**Your goal:** The reply must contain exactly the lines below from the one with "تقدم لك هذه" down to the one with "Best Prices Available", both included, and nothing more; please omit the pictures.

**Record set:**
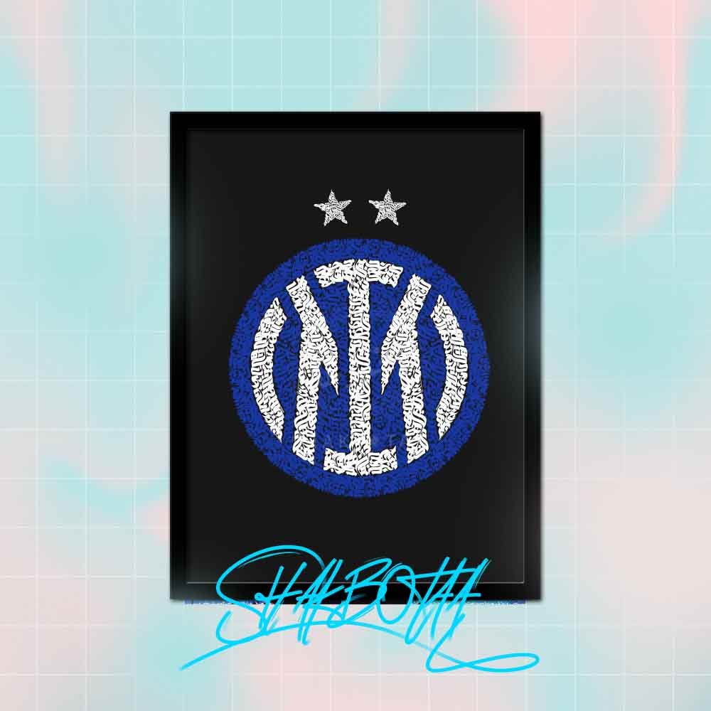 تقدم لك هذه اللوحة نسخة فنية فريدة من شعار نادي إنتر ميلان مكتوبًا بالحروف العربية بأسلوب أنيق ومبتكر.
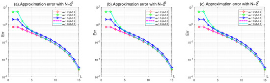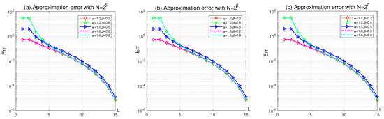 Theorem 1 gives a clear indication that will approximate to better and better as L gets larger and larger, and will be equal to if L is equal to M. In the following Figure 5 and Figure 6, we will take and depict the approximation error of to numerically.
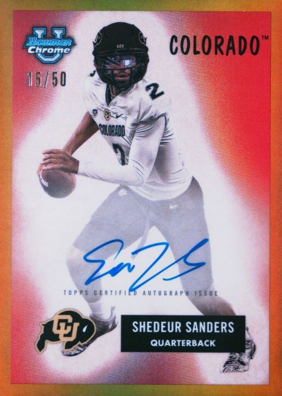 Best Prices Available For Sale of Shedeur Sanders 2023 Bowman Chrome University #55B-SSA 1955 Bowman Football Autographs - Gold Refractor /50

---

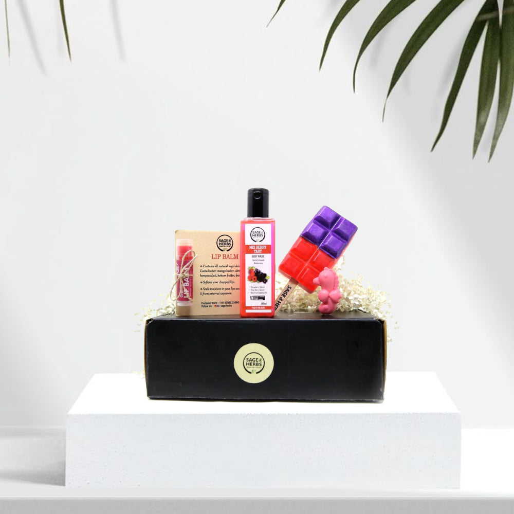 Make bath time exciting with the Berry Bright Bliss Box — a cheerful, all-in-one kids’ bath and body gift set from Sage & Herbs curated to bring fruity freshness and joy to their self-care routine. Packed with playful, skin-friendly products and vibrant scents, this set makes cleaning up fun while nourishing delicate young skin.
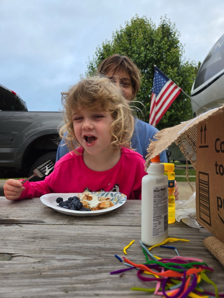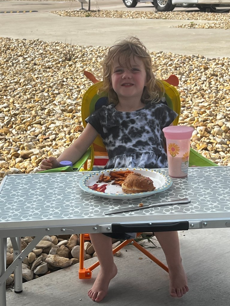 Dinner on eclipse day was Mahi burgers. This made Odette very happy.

**Result of the task:**
 تقدم لك هذه اللوحة نسخة فنية فريدة من شعار نادي إنتر ميلان مكتوبًا بالحروف العربية بأسلوب أنيق ومبتكر.
 Theorem 1 gives a clear indication that will approximate to better and better as L gets larger and larger, and will be equal to if L is equal to M. In the following Figure 5 and Figure 6, we will take and depict the approximation error of to numerically.
 Best Prices Available For Sale of Shedeur Sanders 2023 Bowman Chrome University #55B-SSA 1955 Bowman Football Autographs - Gold Refractor /50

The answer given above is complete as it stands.